Spring Irrigation System Startup Guide
Properly restart your irrigation system after winter to avoid leaks, broken heads, and wasted water. Step-by-step guide with pro tips and when to call a landscaper.
Why spring startup matters
If your irrigation system was winterized (blown out with compressed air or drained), it's been dormant for months. Jumping straight to full pressure without a methodical startup can crack pipes, blow out seals, and damage valves that contracted in the cold. A careful startup catches problems early — before they waste water all season or kill sections of your lawn.
Before you turn the water on
- Walk the entire system — inspect every sprinkler head, valve box, and exposed pipe for visible damage: cracked risers, tilted heads, rodent damage to wiring, or valve boxes filled with dirt or water
- Check the backflow preventer — look for cracks in the body, damaged test ports, or missing caps. Backflow devices are required by code in most areas and protect your drinking water
- Inspect the controller — replace the backup battery (usually a 9V), check that the date/time are correct, and review your programmed schedules. Spring watering needs are very different from summer
- Clear heads and nozzles — remove any debris, dirt, or grass clippings from around sprinkler heads so they pop up freely
Step-by-step startup procedure
- Open the main valve slowly — turn it just ¼ to ½ open and wait 5 minutes. This lets water fill the pipes gradually without creating a pressure surge (water hammer) that can crack fittings
- Once pressure stabilizes, open fully — after 5 minutes with no sounds of rushing or hammering, open the valve the rest of the way
- Run each zone manually — at the controller, activate one zone at a time for 3–5 minutes. Walk to each zone while it's running and check every head for: proper pop-up height, correct spray pattern, leaks at the base, and geysers from broken risers
- Adjust heads — realign any heads that shifted over winter. Clean or replace clogged nozzles. Replace broken heads ($3–$10 each from any hardware store)

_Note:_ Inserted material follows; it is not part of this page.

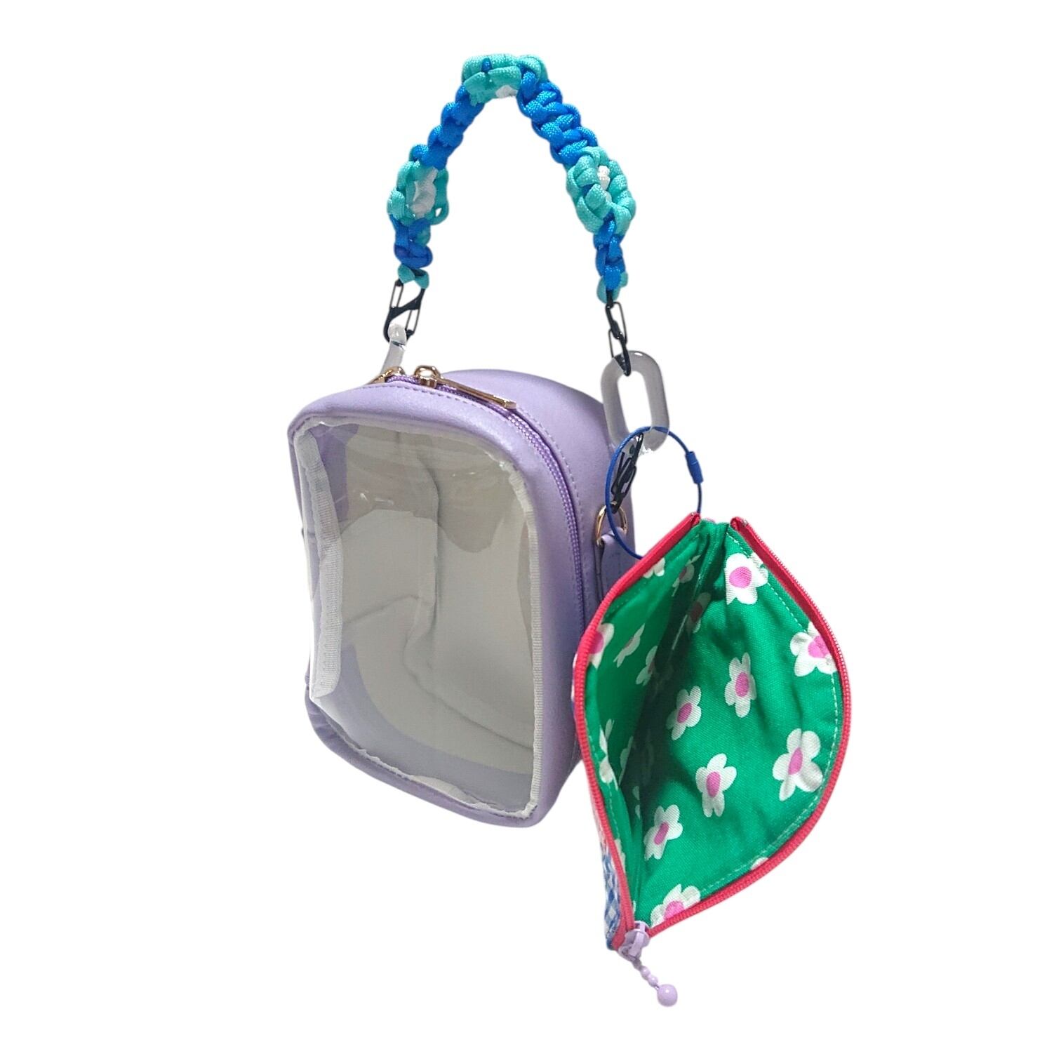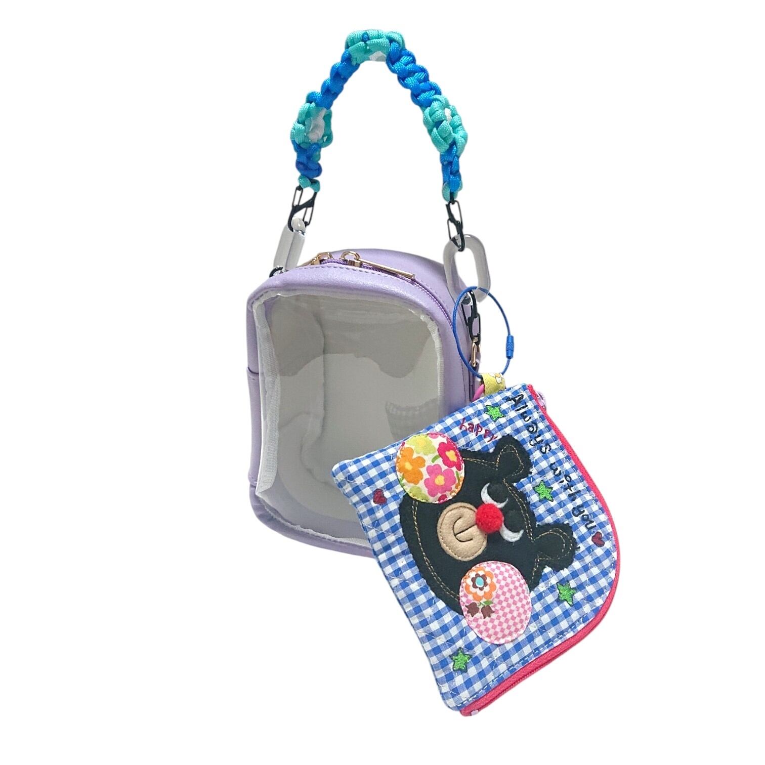 裏面にポケットもついていて便利です。ぬいぐるみポーチと同色の持ち手も一緒にお付けしてお届け致します。

- Check for underground leaks — if a zone shows noticeably low pressure or a section of lawn is soggy without visible spray, there may be a cracked pipe underground. Mark the area for professional repair
- Update the watering schedule — spring lawns need less water than summer. Start with 2–3 days per week, 15–20 minutes per zone, and adjust based on rainfall. Morning watering (4–8 AM) minimizes evaporation and disease
Common spring problems and fixes
- Head won't pop up — dirt in the riser mechanism. Pull the head, flush the body with water, and reinstall. If the spring is broken, replace the head ($5–$12)
- Geyser from a head location — the riser or body cracked during freezing. Replace the head and riser fitting
- Valve won't open — check the solenoid connection, clean the valve diaphragm, or replace the solenoid ($10–$20). If the valve body is cracked, the entire valve needs replacement ($20–$50 for parts)

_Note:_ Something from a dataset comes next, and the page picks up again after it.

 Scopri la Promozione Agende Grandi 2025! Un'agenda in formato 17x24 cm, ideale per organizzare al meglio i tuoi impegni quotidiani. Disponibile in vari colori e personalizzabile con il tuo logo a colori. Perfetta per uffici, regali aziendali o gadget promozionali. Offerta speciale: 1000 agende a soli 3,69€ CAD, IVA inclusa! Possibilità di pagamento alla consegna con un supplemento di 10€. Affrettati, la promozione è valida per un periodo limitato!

- Low pressure on one zone — could be a partially closed valve, a clogged filter, or an underground pipe leak. Try cleaning the valve first; if pressure doesn't improve, call a professional
When to call a professional
Call a landscaper or irrigation specialist if you find underground leaks (soggy areas with no visible cause), need the backflow preventer tested and certified (required annually in many cities), have multiple broken valves, or want to add zones or smart-controller upgrades. Professional spring startup services typically cost $75–$150 and include a full system inspection, head adjustments, and basic repairs — well worth it for larger systems with 6+ zones.